On enchaîne les bus comme des pros pour nous rendre à Chichicastenango, où se tient un des plus beau marché d'artisanat du guatemala. 2h30 de routes ça va assez vite, mais ça secoue pas mal.

On passe un peu de temps dans le marché, mais j'ai vraiment trop faim donc on arrive pas à profiter. On se retrouve dans un mini resto tenu par 3 enfants (entre 8 et 14 ans). On est assez déroutés, mais on commande en se disant qu'on verra ce que ça donne. Et bien c'était absolument délicieux ! On leur a demandé comment cela se faisait que c'était eux qui tenaient la cuisine, et ils ont simplement répondus que leur père leur avait appris. On repart et on se perd dans le marché.

Petit moment délicat quand mon ventre fait des siennes, et je me demande bien comment je vais faire. Je demande à une vendeuse, et elle m'amène aux toilettes publics. Je paie 1 quetzal pour du papier toilette, et je peux vous dire que personne n'a envie d'être malade dans des toilettes publics ! Bref on continue notre folle avancée dans le marché, et on craque pour un gros sac sur lequel est brodé main des bouts de huipils (le haut de la tenue des femmes ici) des différentes régions. Théo va aussi craquer pour une jolie fiole noir et blanche avec des motifs une des vendeuses veut aussi nous vendre des trucs «pour la belldoche» (en français, ça nous fait rire).

On se rend aussi compte que je suis plus grande que la plupart des gens ici, surtout des femmes, ça fait bizarre !

Les femmes ici sont toutes en tenues traditionnelles, et beaucoup font des tortillas grises (comme si tombées dans la cendre). Il y a aussi plusieurs boutiques pour noël, avec des guirlandes lumineuses qui font un bruit horrible. J'ai fini par les surnommé les boutiques de satan.

On s'arrête ensuite à un café, et la minute où je bois mon chocolat mon ventre hurle. Heureusement il y a des toilettes, et là dans ma tête c'est la panique parce qu'on a 2h de bus sans toilettes qui nous attendent. Je prend un smecta (ouf j'en avais mis dans le sac) et on part. On ne savait pas qu'on allait faire le trajet le plus sportif qu'on ai eu depuis notre arriverai Mexique. On était debout au milieu de tous, le bus complètement blindé, et on a été forcé d'aller au fond du bus donc de se frayer un passage entre mes gens. Et là on se rend compte que me bus va a une vitesse de taré même dans les virages. Il doublait même dans les villages et même quand il y a avait des topes (dos d'âne) !

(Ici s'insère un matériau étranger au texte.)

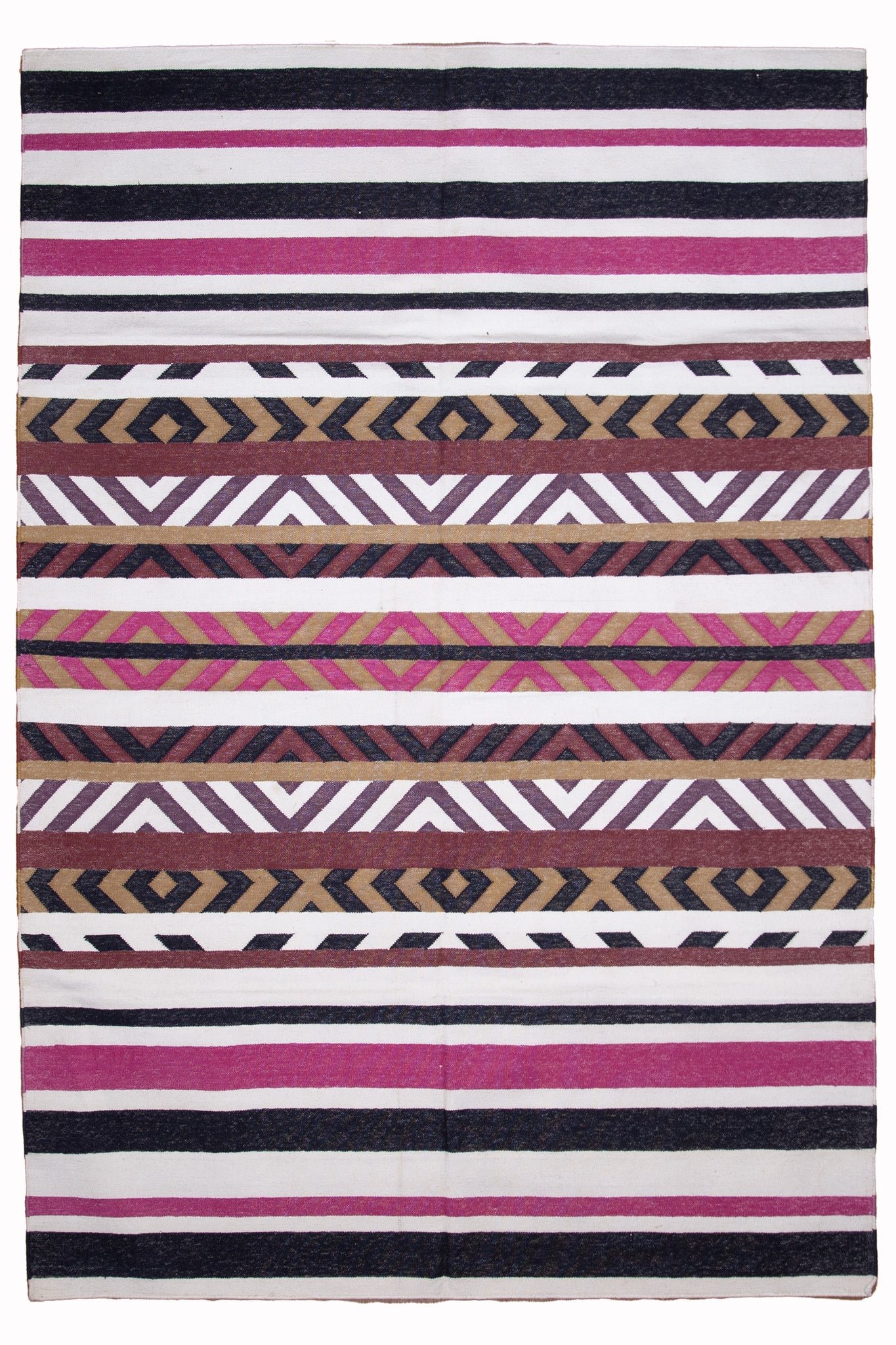 Bursting with bold personality, this handwoven cotton dhurrie is a celebration of vibrant geometry and skilled Indian craftsmanship. Deep magenta, earthy mustard, jet black, and creamy ivory stripes intersect with intricate tribal motifs, creating a visually arresting composition. The flatweave technique ensures a smooth, reversible surface perfect for contemporary and bohemian interiors alike. Each stripe and diamond is rendered with rhythmic precision, drawing inspiration from indigenous patterns and modernist art. Lightweight yet durable, this dhurrie effortlessly anchors any space with energy and warmth. A perfect choice for collectors seeking a statement piece that marries tradition with striking modern design.

A solola on se fait suivre par des touristes qui ne savent pas comment aller à panajachel, on se sent trop pros. Dans le dernier bus une petite fille a eu le courage de nous parler, de nous demander d'où on vient.... On observe aussi sur la route des hommes habillés en tenue traditionnelle. Les hommes de cette région sont pratiquement les seuls du pays à continuer à s'habiller ainsi !

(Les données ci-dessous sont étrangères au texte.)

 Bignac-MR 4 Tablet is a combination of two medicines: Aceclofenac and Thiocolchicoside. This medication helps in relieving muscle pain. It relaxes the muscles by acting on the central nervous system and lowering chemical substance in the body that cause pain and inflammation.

On arrive a pana saint et sauf, et là on se pose un peu et on fait... notre lessive ! Qu'est ce qu'on a galéré à la faire à la main dans le lavoir. On a à peu près réussi mais bon, on a clairement pas le coup de main !

On ressort ensuite se faire un bon petit resto.


Jour 8

Ce matin on prend notre temps, notamment pour mettre notre linge a sécher au soleil.

On hésite sur ce qu'on va faire donc on descend jusqu'aux bancs fasse à la vue du lac et on réfléchi. Il y a pire comme lieu pour s'organiser !

On remonte manger dans une crêperie bretonne, puis on décide d'abandonner la visite du maximon (statue religieuse très particulière de la région) surtout qu'il pleut dans le village de santiago où il se trouve. A la place, on va s'aventurer dans la réserve naturelle du coin.

On prend un tuk tuk jusqu'à la réserve naturelle, et là on passe une vraiment bonne aprem. on passe d'abord un long moment dans la maison des papillons, a les regarder voler dans tous les sens, multitudes colorée.

Ensuite on va vers la réserve des singes où l'on en aperçoit 2. Ce sont des singes araignées, et bien sur Théo veut en adopter un. On se lance ensuite dans une petite rando qui nous amène sur des ponts de singe, près d'une cascade... c'était vraiment très chouette.

GEn retournant à l'entrée du site on repasse voir les singes, et on croise un israélien qui entame la discussion. De retour à pana on profite de l'happy hour pour se boire une bonne pina colada. On s'achète ensuite des délicieux tacos chez un marchant ambulant qu'on se mange devant un épisode de série.

Demain on part pour de nouvelles aventures !!!